EXERCISE BRIEF — Produce a faithful copy of the data, one that leaves out the pictures.

[MATERIAL PROVIDED Boundary: Start]

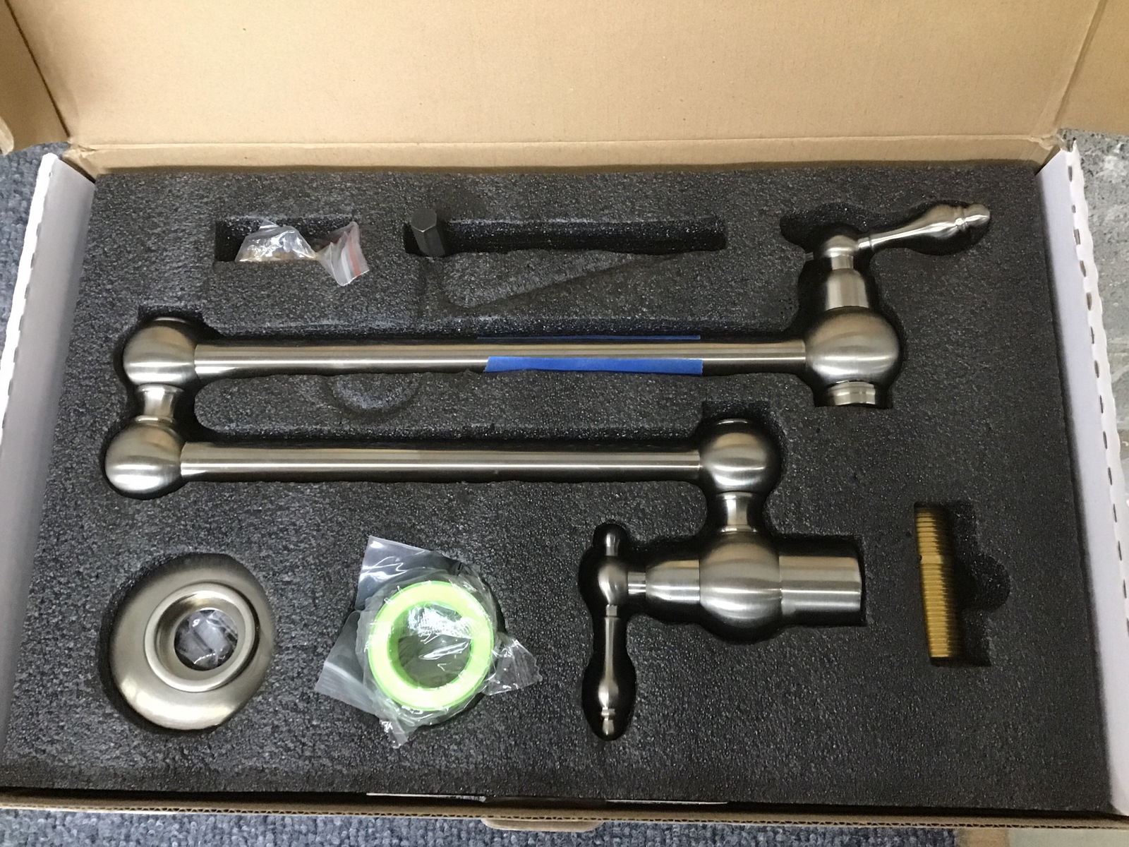 A brushed nickel pot filler wall mount faucet for your kitchen by brand WOWOW. Arrived in original packaging and looks to have never been installed before. This retails new at $95.
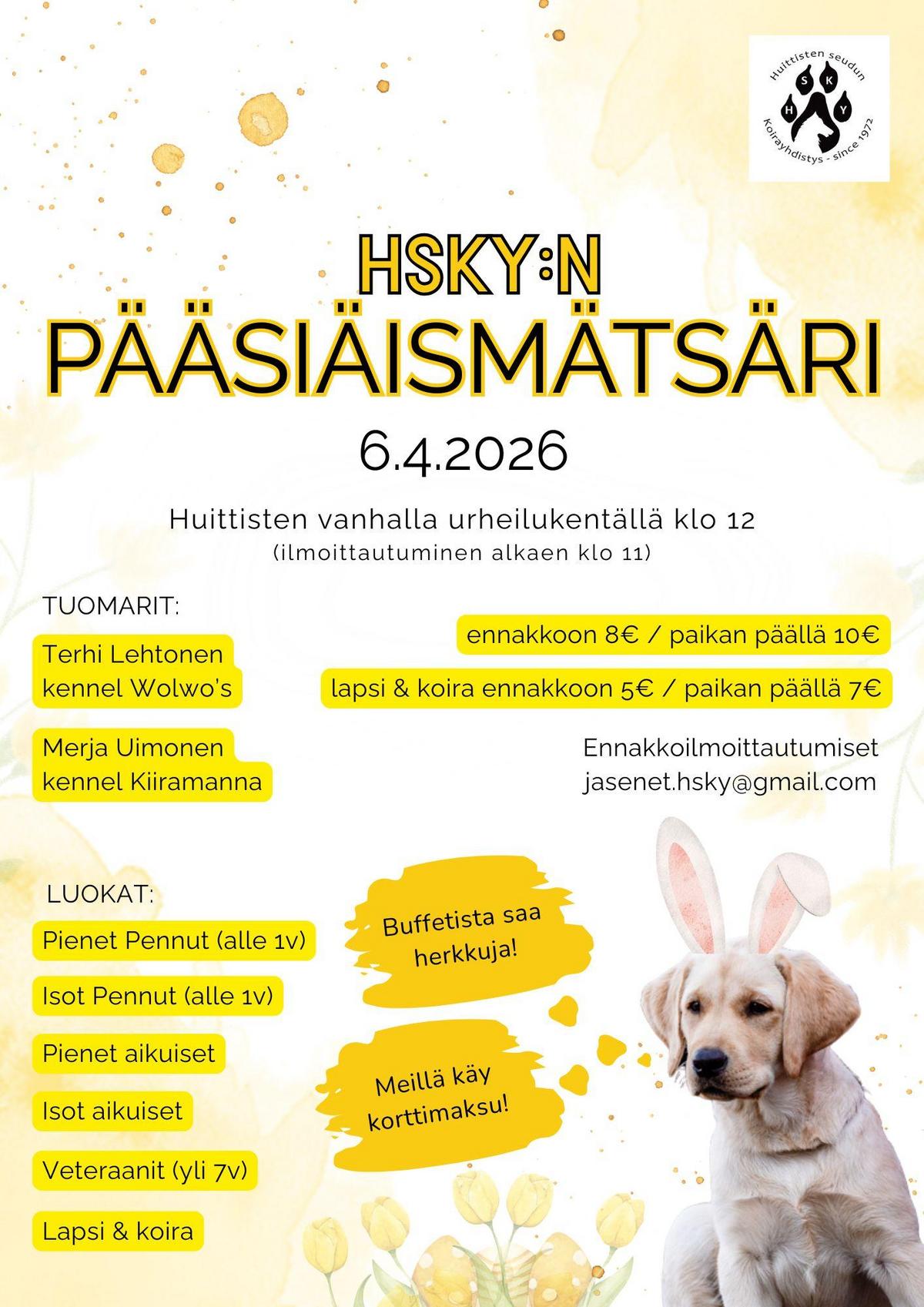 Huittisten Seudun Koirayhdistys järjestää pääsiäismätsärin pääsiäismaanantaina 6.4.2026 Huittisten vanhalla urheilukentällä klo 12 (ilmoittautuminen klo 11 alkaen)
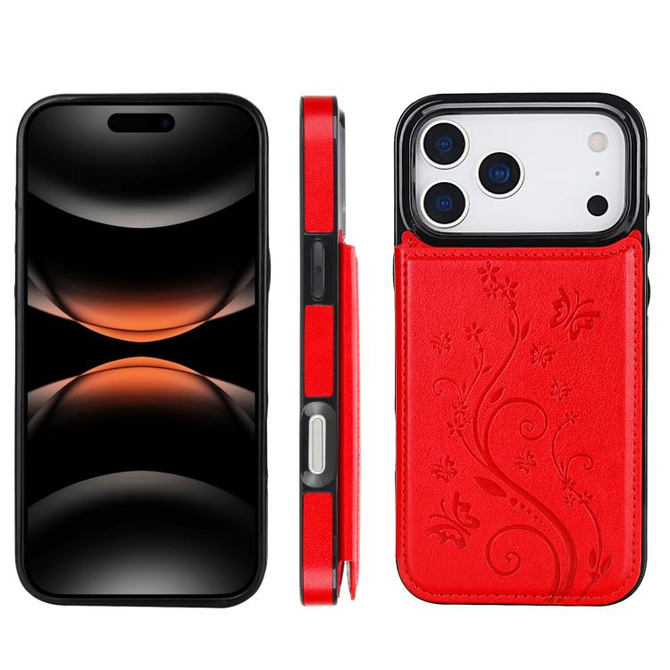 Funda de PU con doble hebilla y estampado de mariposa para iPhone 17 Pro (roja)

[MATERIAL PROVIDED Boundary: End]

RESULT OF THIS EXERCISE —
 A brushed nickel pot filler wall mount faucet for your kitchen by brand WOWOW. Arrived in original packaging and looks to have never been installed before. This retails new at $95.
 Huittisten Seudun Koirayhdistys järjestää pääsiäismätsärin pääsiäismaanantaina 6.4.2026 Huittisten vanhalla urheilukentällä klo 12 (ilmoittautuminen klo 11 alkaen)
 Funda de PU con doble hebilla y estampado de mariposa para iPhone 17 Pro (roja)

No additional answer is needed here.